Letters to the Editor, December 10-16, 2020

Posted

The Editor:

As one who has lived his entire life in Whatcom County, I applaud the county’s decision to actively dismantle systemic racism through the allocation of taxpayer dollars and governmentally mandated policy decisions to be carried out in our county.

As Abraham Lincoln so famously stated in his message to Congress, December 1, 1861, “It is the primary duty of government bureaucrats to intrude themselves into the lives of private citizens that they may force them to comply to the societal morality as defined by their government for the greater good.”

I joke, but your article brought to mind a story told to me by a fellow I worked with for several years, of his own experience. This man had just graduated from college, and wanted to go back to the reservation to help his people. (This was a long, long time ago, when the world, and some of us, were a lot younger, and a lot less jaded.) So, he got a job in tribal government.
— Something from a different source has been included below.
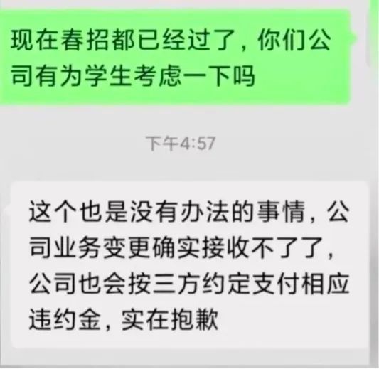 5月26日,中创新航向已解约的应届生分享招聘会信息,称新能源行业面临诸多机遇与挑战,为适时响应市场和客户需求,公司进行了相关业务调整,因此作出解约决定。
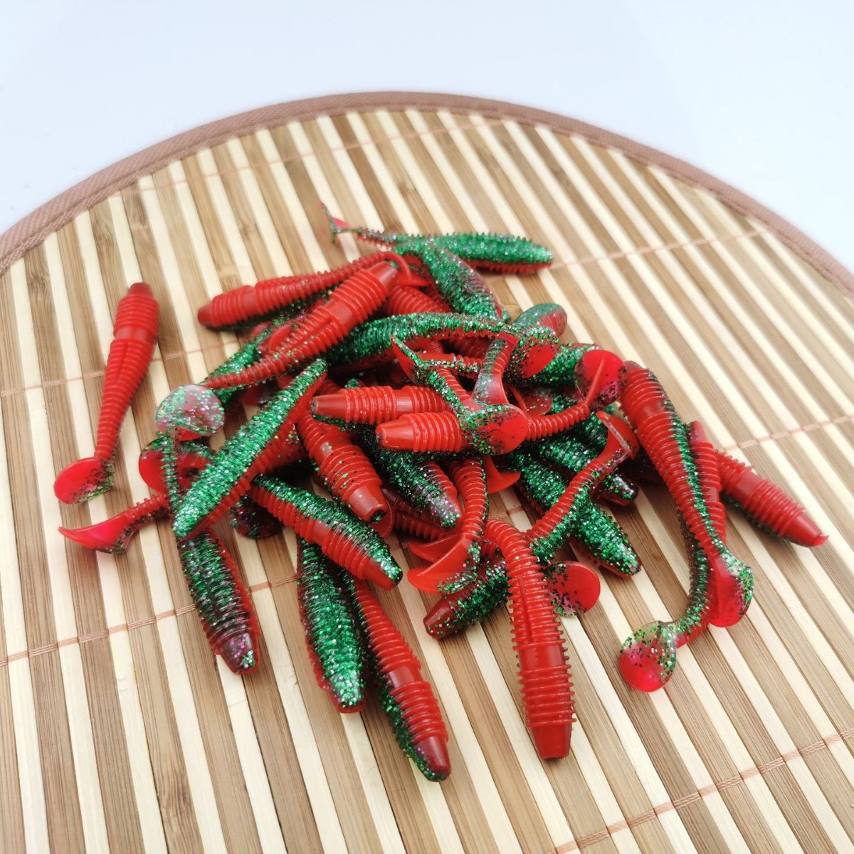 Produsen grosir umpan lembut ekor T berkilau umpan lunak ikan bass mulut kura 50 buah setelan umpan palsu

But it wasn’t long before he ran afoul of the tribal council, and was fired.

Why, you may well ask, was an idealistic young man, who only wanted to use his education for the benefit of his people given the boot? Was he lazy? Didn’t do his job? No. Was he incompetent? Again, no. Then why would the tribal council fire such a person? He was fired because … he was too white. Don’t you just hate bigoted people?

So, according to our county agencies, “systemic racism” is bad, I guess. Unless it is practiced against minorities, or anybody, who is “too white?”

Mark Aaron Aamot

Custer

 

The Editor:

We arrived home, minus my purse, on a sunny morning after eating a takeout breakfast in the car at the Blaine marina. We drove back, praying that it had fallen out of the car and was still in the parking lot, but no such luck.
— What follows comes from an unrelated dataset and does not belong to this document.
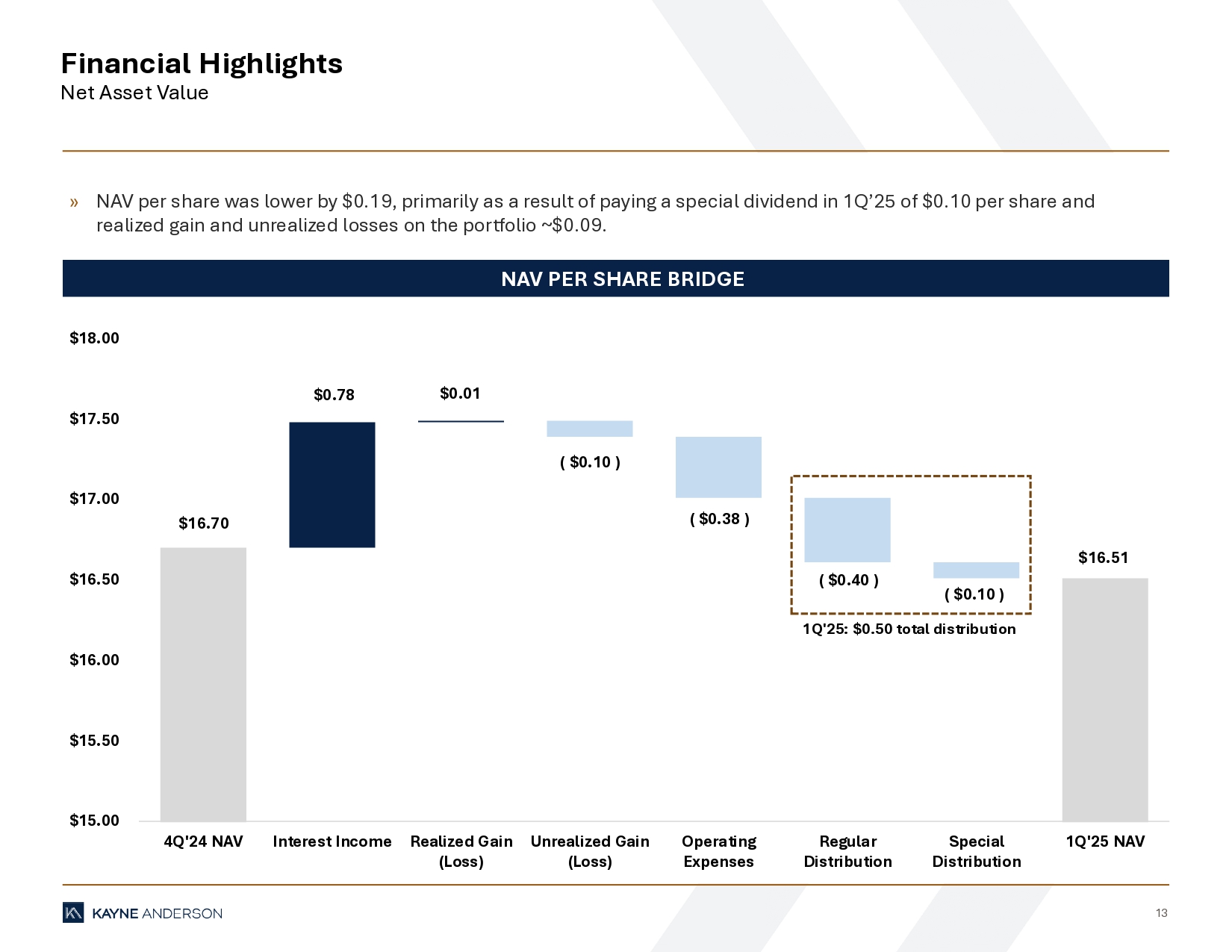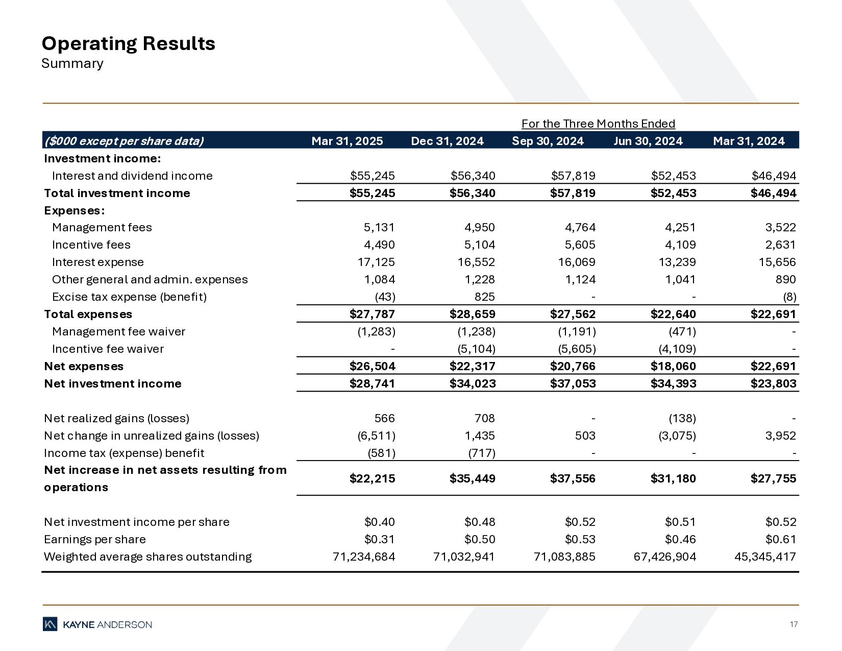 17 Operating Results Summary ($000 except per share data) Mar 31, 2025 Dec 31, 2024 Sep 30, 2024 Jun 30, 2024 Mar 31, 2024 Investment income: Interest and dividend income $55,245 $56,340 $57,819 $52,453 $46,494 Total investment income $55,245 $56,340 $57,819 $52,453 $46,494 Expenses: Management fees 5,131 4,950 4,764 4,251 3,522 Incentive fees 4,490 5,104 5,605 4,109 2,631 Interest expense 17,125 16,552 16,069 13,239 15,656 Other general and admin. expenses 1,084 1,228 1,124 1,041 890 Excise tax expense (benefit) (43) 825 - - (8) Total expenses $27,787 $28,659 $27,562 $22,640 $22,691 Management fee waiver (1,283) (1,238) (1,191) (471) - Incentive fee waiver - (5,104) (5,605) (4,109) - Net expenses $26,504 $22,317 $20,766 $18,060 $22,691 Net investment income $28,741 $34,023 $37,053 $34,393 $23,803 Net realized gains (losses) 566 708 - (138) - Net change in unrealized gains (losses) (6,511) 1,435 503 (3,075) 3,952 Income tax (expense) benefit (581) (717) - - - Net increase in net assets resulting from operations $22,215 $35,449 $37,556 $31,180 $27,755 Net investment income per share $0.40 $0.48 $0.52 $0.51 $0.52 Earnings per share $0.31 $0.50 $0.53 $0.46 $0.61 Weighted average shares outstanding 71,234,684 71,032,941 71,083,885 67,426,904 45,345,417 For the Three Months Ended

We returned home prepared to notify the bank and department of licensing and found a message light blinking on our phone. Hooray!

It was the police department with a message for us. An honest and thoughtful citizen of Blaine, who did not leave their name, had turned in my purse with all the contents intact. And the police notified us
immediately.

Thank you, honest citizen, and our police department employees.

Sandra Anderberg

Blaine

 

The Editor:

Do you suspect that Covid-19 data is being misrepresented to the public? Not having any medical background (other than dealing with life’s 80-year-old physical issues), I do not know.

I suspect so. Check it out for yourselves. Recently published Washington state Department of Health data, relative to influenza, for the past 48 weeks of this 2020 season, indicates: zero deaths total, and zero outbreaks in long-term care facilities. Sound strange? For 2019, per the same department’s published data, Washington state had 245 deaths, due to the same strain of influenza. There’s a lot more data in those reports, relative to 2020 and comparable past year-to-year occurrences and deaths, that, I suspect, should cause some head scratching.

There have also been serious declines in reported other morbidities this past year. Area total death data, unlike say election data, cannot be fabricated. The assignment of deaths to Covid-19 has apparently sucked up the opportunities for other deaths.

Covid-19 seems to have (tongue-in-cheek) cured many other previously lethal human ailments. Again – I’m no medical authority, however, I have some common sense (or at least there’s been occasional evidence of it). So, check it out for yourselves. Be safe, don’t be scared, and don’t be cowed.

Pete Werner

Blaine

(Ed. Note: The writer is comparing deaths from the entire flu season in 2018/2019 versus the flu season so far in 2020/2021. The DOH number weeks are according to the week in the year as opposed to sequential weeks. Each influenza season runs from week 40 of one year to week 39 of the next (roughly October to October). As of Week 48 (November 22-28, 2020), there have been no flu deaths in the state. The average number of deaths as of Week 48 for the past nine years is 2.4 with a range of 0 to five deaths. In the 2019/2020 flu season overall, there was a total of 113 deaths; in 2018/2019, there were 245.)